Not surprisingly, the problem with smartphone voting is the issue of security and authentication. “Creating voting systems that retain the convenience of mobile phones while still ensuring the security and anonymity we enjoy with current voting technologies will be the biggest design challenge,” Kortum said.
But since America is full of inventors and problem-solvers, we have no doubt that a solution for that is on the horizon.

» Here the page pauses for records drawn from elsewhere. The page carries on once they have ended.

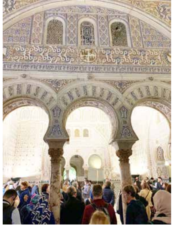
Alkazar Sarayı içi

Alkazar Sarayı'nın içini gezdik. Bahçesi de çok hoş bir şekilde düzenlenmiş. Bahçenin arka tarafında sarayın altına doğru bir giriş var. 10-15 metre ilerledikten sonra bir havuz çıktı karşımıza. Malum bu coğrafya çok sıcak, özellikle bahçede çalışan elemanlar çok terlediklerinde, koşarak geliyor ve havuza atlı-
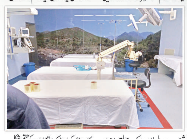
شعبے بیت السلام بیسک ہسپتال یونٹ کا معائنہ کیا، تاکہ انتظامات کو جتنی شکل دے سکیں اور باہر ایک دی جا سکے۔

☆ گوارڈریٹ اسلام بیسک ہسپتال کی سعادتی بیت السلام بیسک ہسپتال یونٹ کی ٹیم نے اس سے قبل کوئی آئی کیمپ نہیں لگ سکا، آپریشن تو بہت دور کی بات ہے۔ ☆ معائنے کے دوران جن افراد کی نظر کمزور محسوس ہوئی انہیں مفت چشمہ دیا گیا۔ ☆ آپریشن کے دوران استعمال ہونے والی آلات کی صفائی کا خصوصی اہتمام کیا جاتا رہا۔ ایسے تمام آلات ہر آپریشن کے فوراً بعد اسپرٹ سے دھوئے جاتے رہے۔ ☆ آپریشن کے لیے لے جانے والے مریضوں کی دل جوئی کی جاتی رہی اور ان سے باتیں کی جاتی رہیں، انہیں ایسا ماحول دیا گیا کہ اگر کوئی خوف ان کے ذہن میں ہو تو نکل جائے، رضا کار اور میڈیکل اسٹاف اپنی محنت اور کوشش میں کامیاب رہا۔ الحمد للہ! ☆ بہت سے مریض دور دراز علاقوں سے تقریباً پانچ پانچ، چھ چھ گھنٹے کا لمبا سفر کر کے آئے ہیں۔ ☆ کیمپ کے پہلے روز گوارڈریٹ میں ہی پاکستان چائنہ کمیٹی کے منصوبے پر کام کرنے والے ایک چینی انجینئر بھی آگے چیک کروانے تشریف لائے۔ اور ایسے خیالات لے کے گئے۔ ☆ GDA Development Authority کے زیر انتظام اس ہسپتال کے متعدد انتظامی امور پاکستان آرمی نے سنبھال رکھے ہیں۔ ☆ کیمپ کے دوران مختلف علاقوں کے رہنے والوں نے اس خواہش کا اظہار کیا کہ ان کے علاقے میں بھی ایک ایک ایسا کیمپ لگائیں وہاں بھی اس کی بہت ضرورت ہے۔
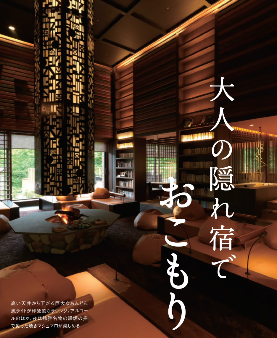
高い天井から下がる巨大なあんどん風ライトが印象的なラウンジ。アルコールのほか、夜は種々な物の暖炉の炎であった焼きマッシュマロが楽しめる
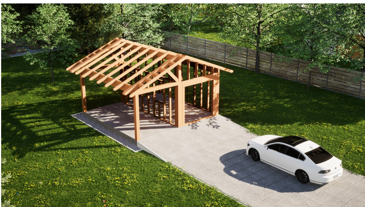
Widok konstrukcji: Garaz ERDOL G1W - Wersja lewa - Układ kalenicy prostopadły z dachem dwuspadowym o kącie nachylenia 25 stopni

Przedstawiona oferta ma charakter informacyjny i nie stanowi oferty handlowej w rozumieniu Art. 66 par. 1 Kodeksu Cywilnego oraz innych przepisów prawnych. Zamieszczone wizualizacje mają charakter poglądowy i nie mogą być traktowane jako ostateczne projekty realizacyjne.
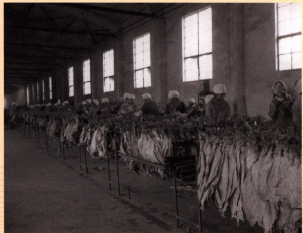
■ 摆烟把（图为：20世纪80年代复烤车间一角）
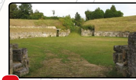
6 Arènes gallo-romaines
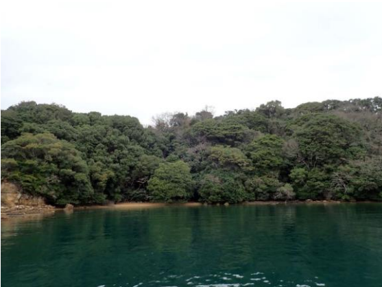
牧島 (10 : 51)
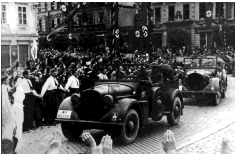
Obsazení města německou armádou.
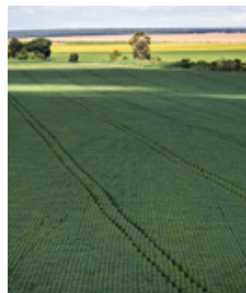
Em 2023, a soja ocupou 54,1% do total de área plantada, aumentando 11,4% na comparação com 2022

A produção de tomate foi de 1,2 milhão de toneladas em 2023, com aumento de 25,1% em relação a 2022, mantendo o Estado como o maior produtor da cultura no País. Entre os municípios, as altas foram observadas principalmente em Cristalina (2,4%), Silvânia (292,1%) e Morrinhos (1,8%), que são, respectivamente, os três maiores produtores brasileiros.
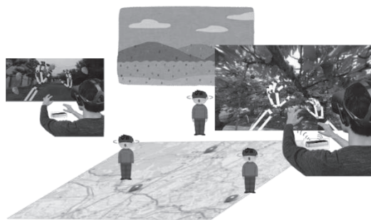
図 3 インタラクティブマップのイメージ

今後, サクランボ狩りだけではなく, イチゴ狩りなども追加する予定である. また現在システムの PR 効果を評価しているため, Unity を用いてシステムを構成している. しかしながら, 地域文化の発信するために, マップと連携し, ウェブブラウザで体験できることが重要と考えている. そのため, WebGL での開発を検討している. 図 3 にインタラクティブマップのイメージを示す. マップと連携し, マップ上の農園を選ぶことで, バーチャル体験ができ, 地域文化の発信の一助となることが期待できる.

What Started as Homework Turned Into a Life-Saving Medical Device

A young, eager mind is a powerful thing. A room full of them together, even more so. In Rice University professor Maria Oden’s undergraduate course, they’re striving to solve global health problems. Students in the Rice 360 program, founded by Oden and fellow bioengineer Rebecca Richards-Kortum, first learn about problems in rural hospitals  and then design simple solutions that can help. One of the class’s biggest successes is a student design for an affordable “bubble CPAP” (continuous positive airway pressure), a device that pushes air into the lungs of premature infants to help them breathe. The prototype was made from a plastic shoe box and two aquarium pumps. “One of the wonderful things about working with 18-year-olds is that they’re so creative,” Oden told Joe Palca of NPR. “They don’t have fixed ideas about what might not work.” After fine-tuning, the invention was tested at small hospitals in Malawi and is now ready to deploy throughout that country. Students even got to meet a baby  whose life was saved by their device. “It sent chills all the way down my entire spine, because I realized that while we’re teaching students, and we want them to leave here believing they can make a difference, this was the picture of a true difference being made,” Richards-Kortum told NPR.